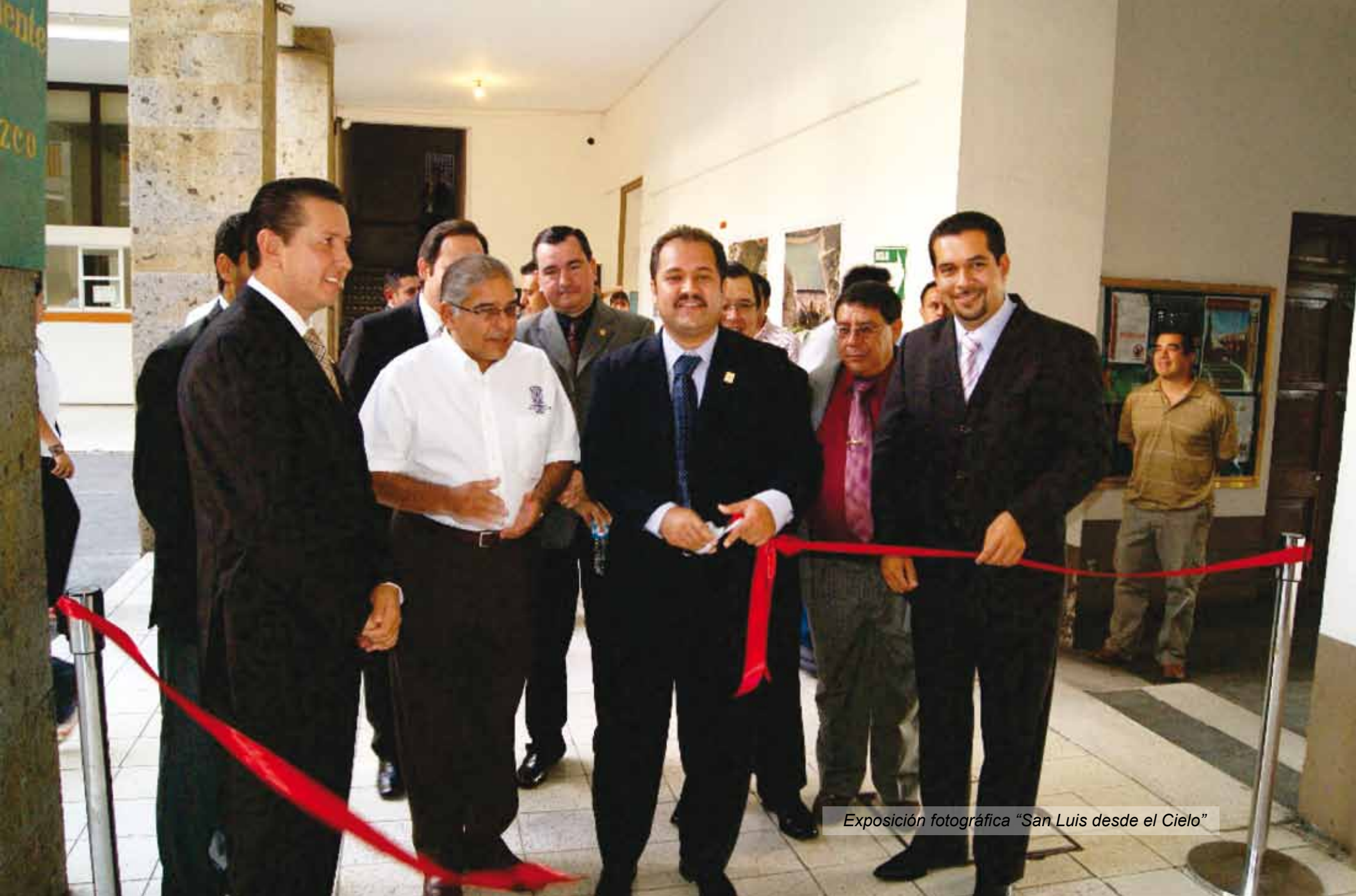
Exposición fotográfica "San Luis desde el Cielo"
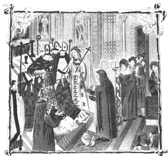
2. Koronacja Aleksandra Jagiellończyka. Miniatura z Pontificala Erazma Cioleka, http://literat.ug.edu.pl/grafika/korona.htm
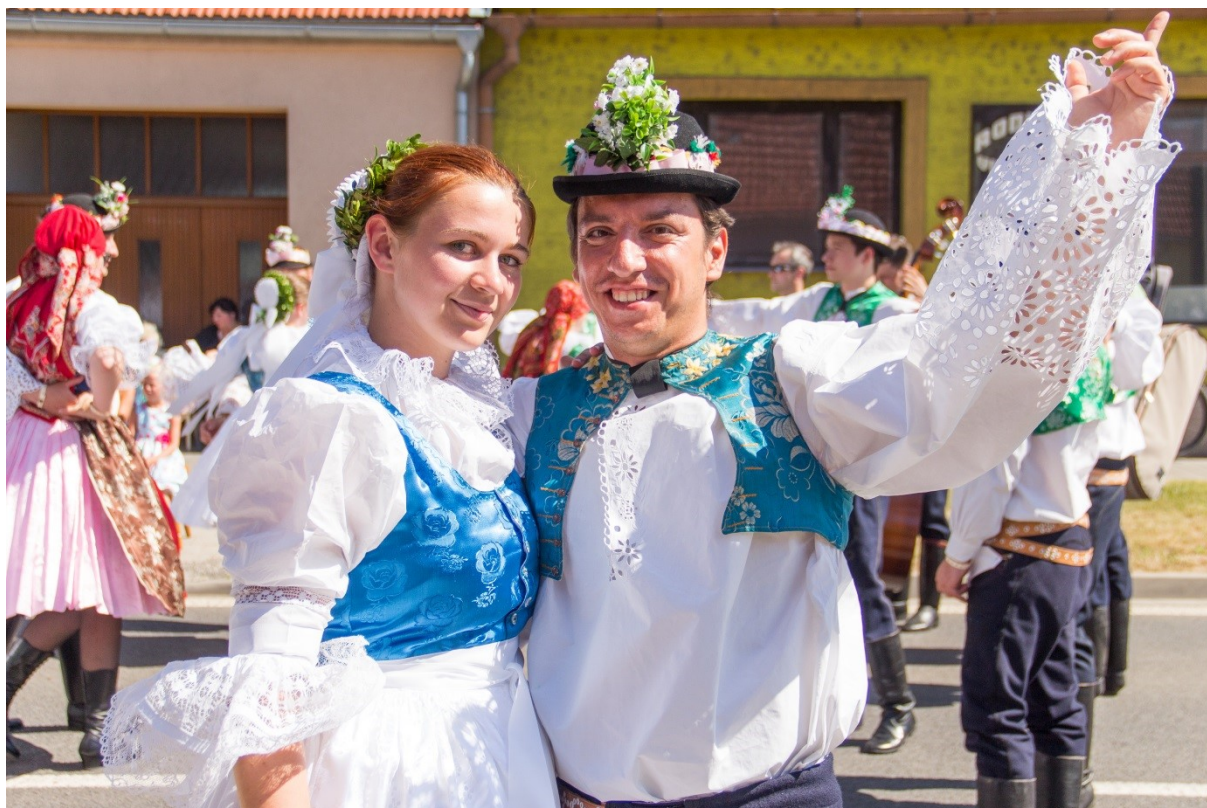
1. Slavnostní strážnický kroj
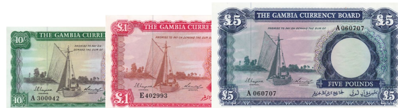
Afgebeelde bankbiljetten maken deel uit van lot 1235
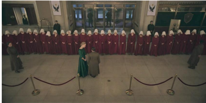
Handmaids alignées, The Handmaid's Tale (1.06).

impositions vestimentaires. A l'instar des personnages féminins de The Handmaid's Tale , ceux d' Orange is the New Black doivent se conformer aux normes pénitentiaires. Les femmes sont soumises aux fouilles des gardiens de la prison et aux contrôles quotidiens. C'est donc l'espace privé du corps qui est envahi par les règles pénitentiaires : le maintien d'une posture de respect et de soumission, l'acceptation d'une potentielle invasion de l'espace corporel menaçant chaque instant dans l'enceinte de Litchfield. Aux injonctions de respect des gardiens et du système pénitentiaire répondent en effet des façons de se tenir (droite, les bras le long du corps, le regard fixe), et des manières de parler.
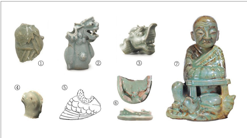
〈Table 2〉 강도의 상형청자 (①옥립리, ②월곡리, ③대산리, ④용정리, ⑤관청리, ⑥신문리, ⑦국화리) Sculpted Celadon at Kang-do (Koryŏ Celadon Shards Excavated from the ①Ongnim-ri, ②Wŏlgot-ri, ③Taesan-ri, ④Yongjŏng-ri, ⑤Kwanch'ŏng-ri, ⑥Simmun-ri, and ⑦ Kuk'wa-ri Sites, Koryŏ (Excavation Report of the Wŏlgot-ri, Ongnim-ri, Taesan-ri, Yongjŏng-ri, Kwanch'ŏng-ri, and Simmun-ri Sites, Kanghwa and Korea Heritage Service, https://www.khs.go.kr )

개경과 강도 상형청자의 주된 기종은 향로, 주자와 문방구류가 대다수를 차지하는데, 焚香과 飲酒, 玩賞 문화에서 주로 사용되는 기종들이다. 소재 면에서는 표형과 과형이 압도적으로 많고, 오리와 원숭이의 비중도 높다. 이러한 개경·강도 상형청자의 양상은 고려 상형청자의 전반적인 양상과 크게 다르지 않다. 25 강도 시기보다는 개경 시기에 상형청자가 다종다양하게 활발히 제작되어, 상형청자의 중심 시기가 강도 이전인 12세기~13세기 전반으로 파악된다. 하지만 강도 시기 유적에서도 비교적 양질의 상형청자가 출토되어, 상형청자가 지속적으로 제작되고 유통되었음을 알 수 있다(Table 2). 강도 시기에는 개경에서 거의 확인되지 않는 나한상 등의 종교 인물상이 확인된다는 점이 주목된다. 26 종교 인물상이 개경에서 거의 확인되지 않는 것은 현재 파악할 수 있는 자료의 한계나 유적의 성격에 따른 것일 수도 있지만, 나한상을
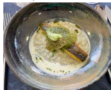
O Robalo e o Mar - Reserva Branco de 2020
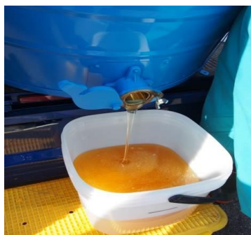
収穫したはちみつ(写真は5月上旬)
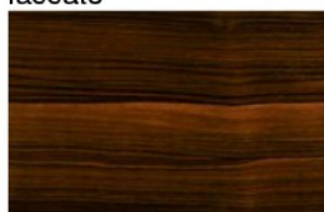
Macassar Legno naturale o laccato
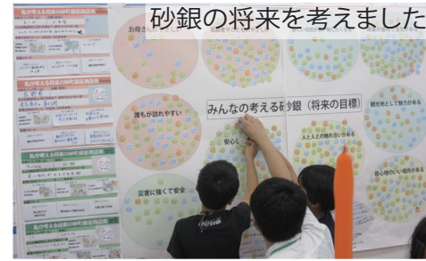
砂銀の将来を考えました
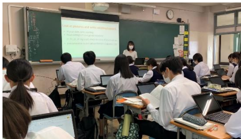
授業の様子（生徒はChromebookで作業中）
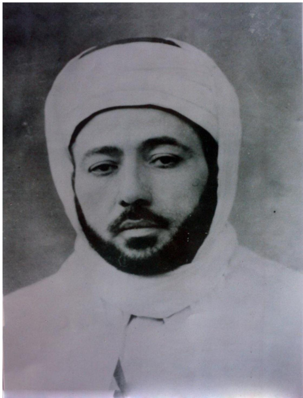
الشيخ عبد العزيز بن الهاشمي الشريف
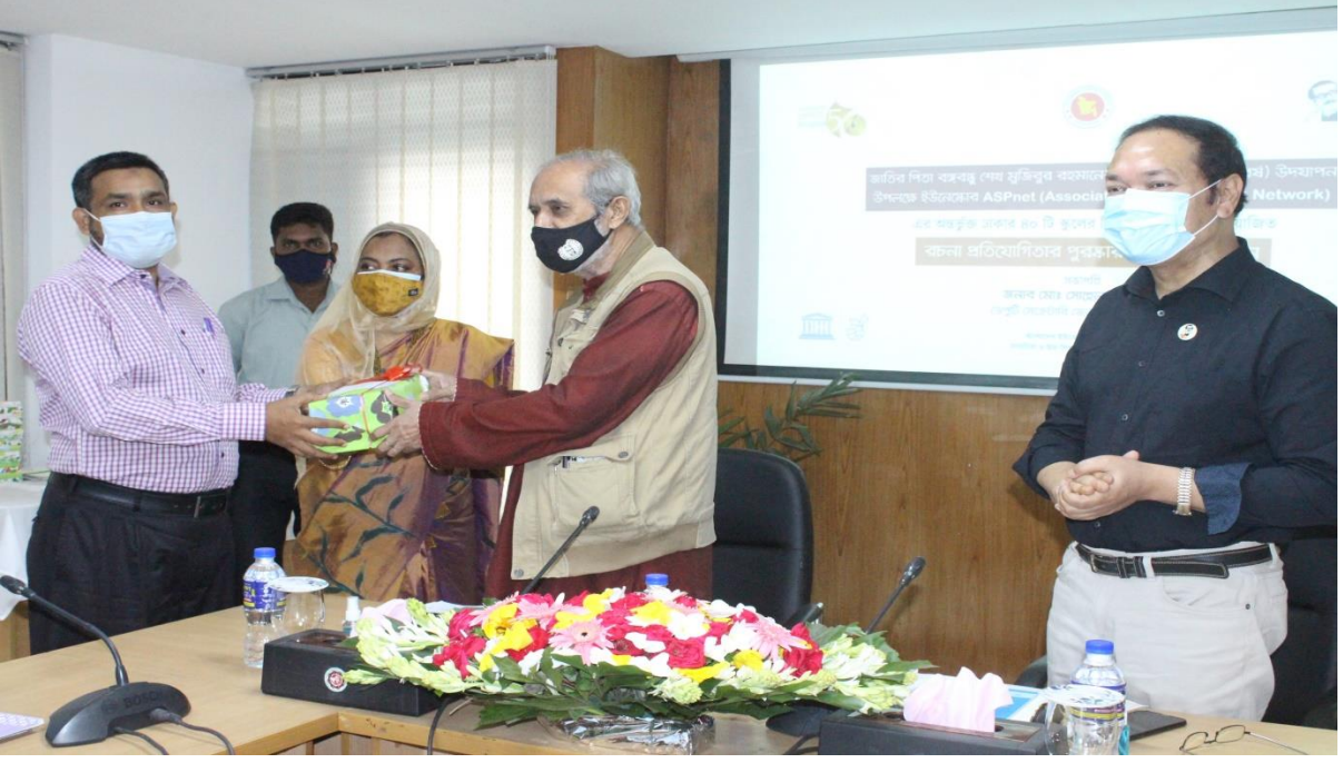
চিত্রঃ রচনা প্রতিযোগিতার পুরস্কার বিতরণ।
———
INSTRUCTIONS FOR THE TASK
Your answer must be the lines from the line containing "砂銀の将来を考えました" through the final line of the data, written out exactly, both ends included and pictures left out.

OUTPUT BELOW
砂銀の将来を考えました
授業の様子（生徒はChromebookで作業中）
الشيخ عبد العزيز بن الهاشمي الشريف
চিত্রঃ রচনা প্রতিযোগিতার পুরস্কার বিতরণ।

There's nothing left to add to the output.